• [Task to carry out]
Once you find the line with "与香港科技大学(广州)共建的", output it and every line after it exactly, through the last line of the listing, but no pictures.

• [Material for the task]
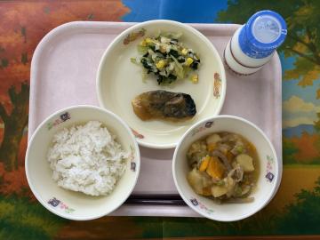 ごはん、牛乳、さばのみそだれかけ、なめたけあえ、肉じゃが
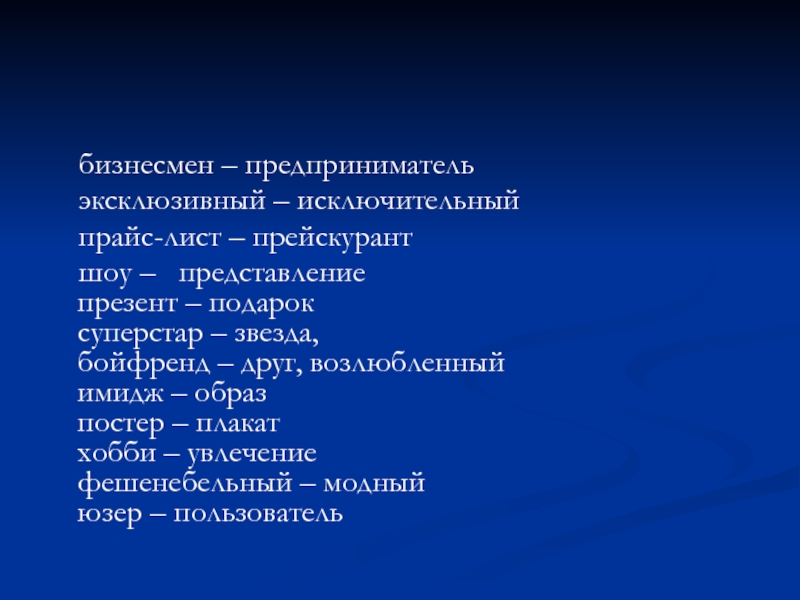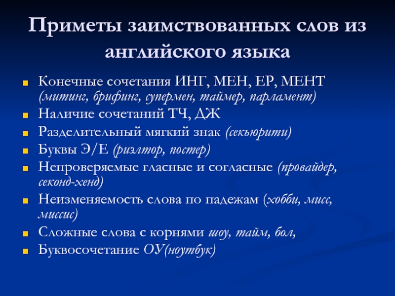 (Например, в XIX веке в русский язык пришли слова джентльмен, полисмен, а в начале 20 века к ним прибавились спортсмен, рекордсмен, яхтсмен, а в конце 20 века – бизнесмен, конгрессмен, кроссмен)
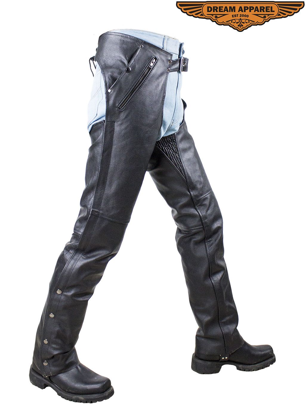 You cannot go wrong with a great pair of chaps and here at Dream Apparel, we provide the best. Introducing our beautiful new black multi-pocket naked cowhide leather chaps. These chaps include a total of four pockets, two of which are zippered and the other two are snapped. The pockets each supply a decent amount of added storage. Along with this, it features mesh lining. The leather is heavy duty top grade but also with a soft touch. There is a zipper that runs long the side of the pants until it reaches the snaps at the bottom that has a flap that hides the zipper. The chaps help you ride comfortably by providing the biker with grip while protecting from sweat and stirrup leather.
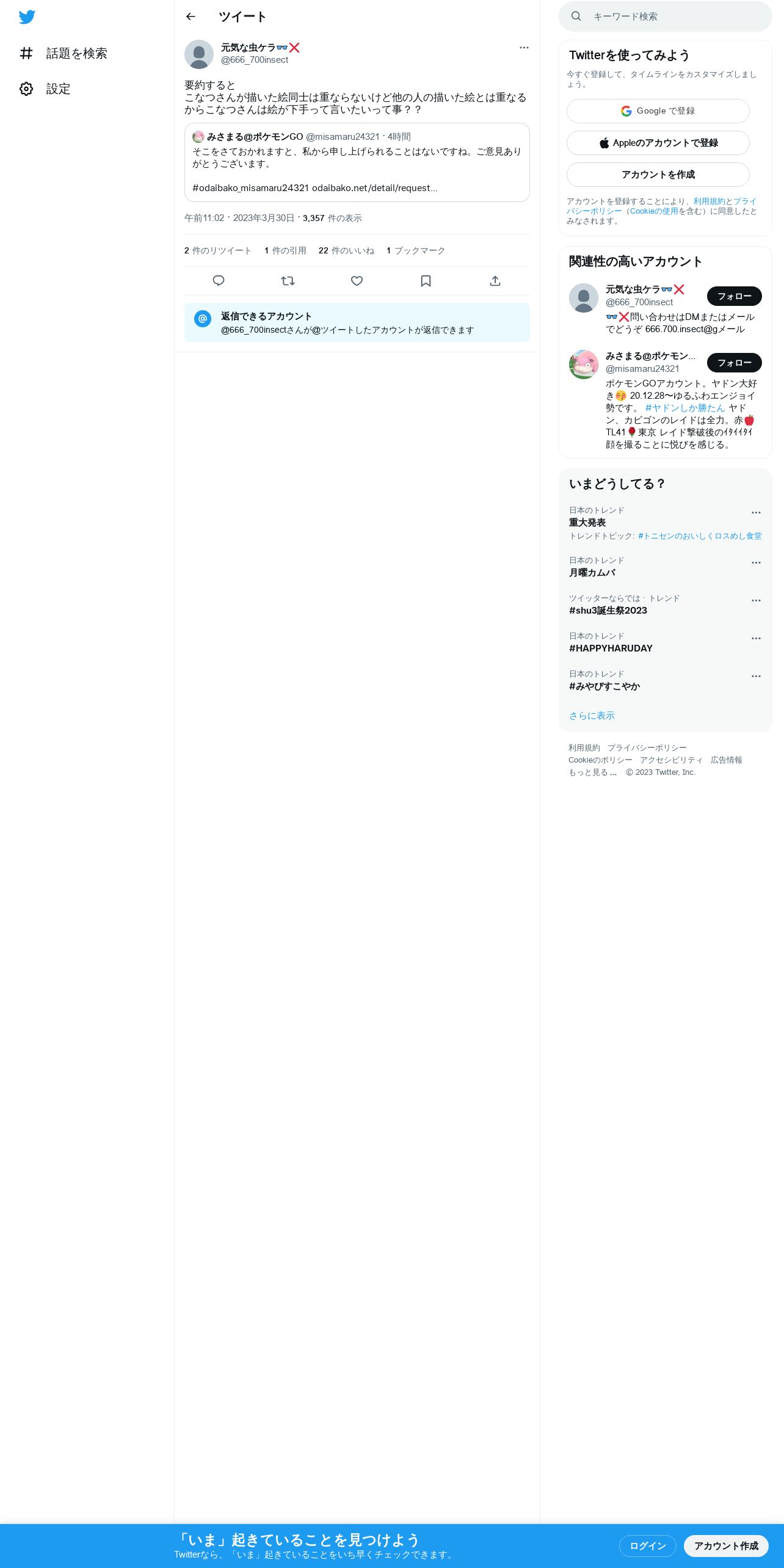 取得元URL: https://twitter.com:443/666_700insect/status/1641395465794252801
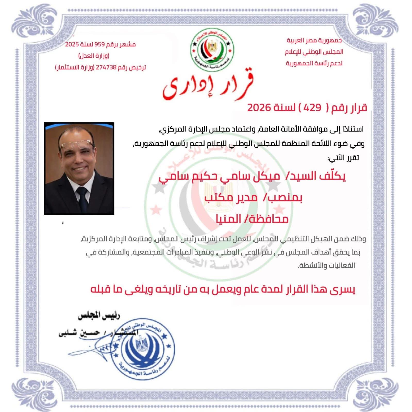 الدكتور مايكل سامي حكيم مديرًا لمكتب المجلس الوطني للإعلام لدعم رئاسة الجمهورية لمحافظة المنيا
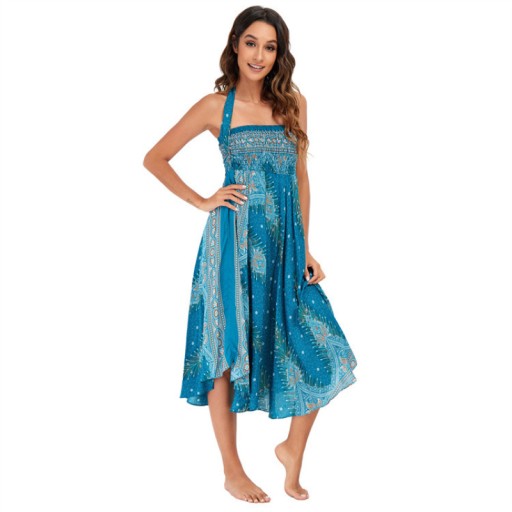 ✅Letnia spódnica Beach Boho Dress Elastyczna wysoka talia Casual Plus Size Spódnica Sznurowana sukienka z etnicznym nadrukiem
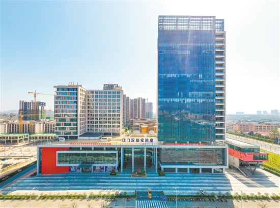与香港科技大学(广州)共建的江门双碳实验室,在全省率先构建“双碳实验室+双碳产业园”政产学研融通发展新模式,现已集聚100多名国内外“双碳”领域科研人员,吸引了国能氢能(低碳)研究中心、航天科工深圳工研院、新能源电池低碳研究中心等近10家科研机构进驻。
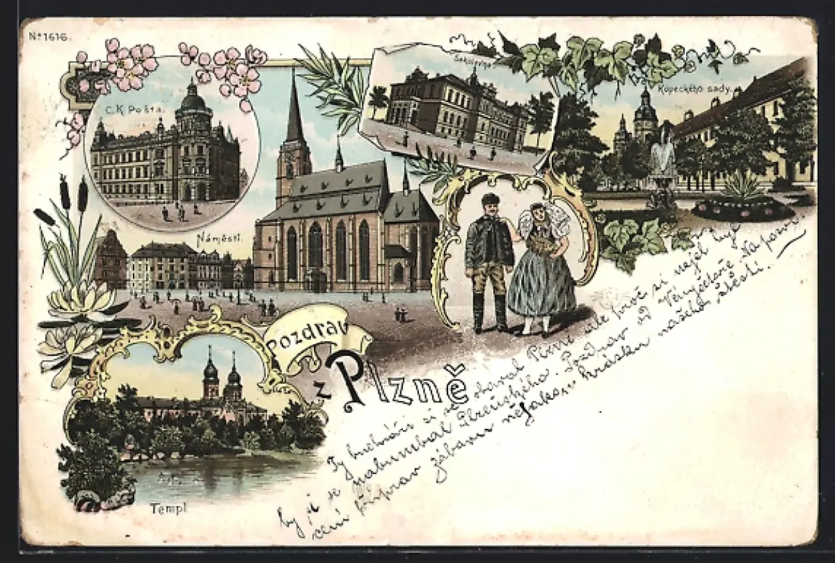 Lithographie Pilsen, Synagoge, Ringplatz, Paar in Tracht
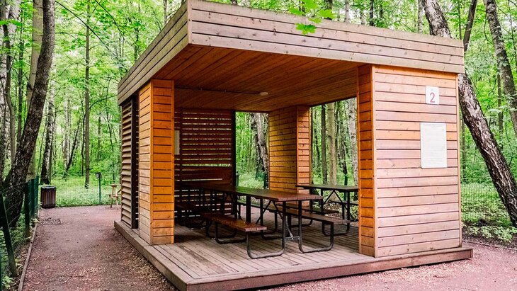 В лесопарке "Кусково" расположены 27 пикниковых зон, рассчитанных на 4–8 человек. Там установлены столы, скамейки, мангал, ящики для золы и песка. Беседки работают с 10:00 до 22:00.
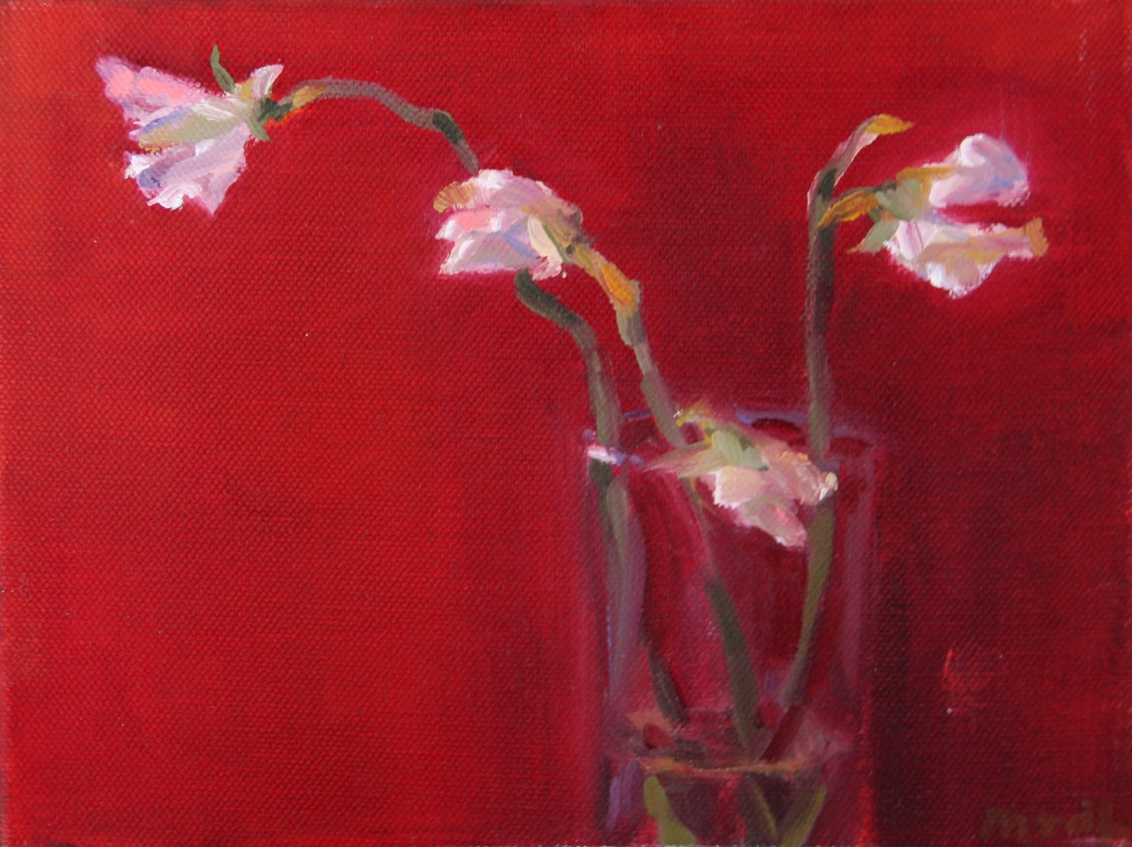 Enkele takjes tere lathyrus in een glas prachtig ingelijst

• [Answer to this problem]
与香港科技大学(广州)共建的江门双碳实验室,在全省率先构建“双碳实验室+双碳产业园”政产学研融通发展新模式,现已集聚100多名国内外“双碳”领域科研人员,吸引了国能氢能(低碳)研究中心、航天科工深圳工研院、新能源电池低碳研究中心等近10家科研机构进驻。
 Lithographie Pilsen, Synagoge, Ringplatz, Paar in Tracht
 В лесопарке "Кусково" расположены 27 пикниковых зон, рассчитанных на 4–8 человек. Там установлены столы, скамейки, мангал, ящики для золы и песка. Беседки работают с 10:00 до 22:00.
 Enkele takjes tere lathyrus in een glas prachtig ingelijst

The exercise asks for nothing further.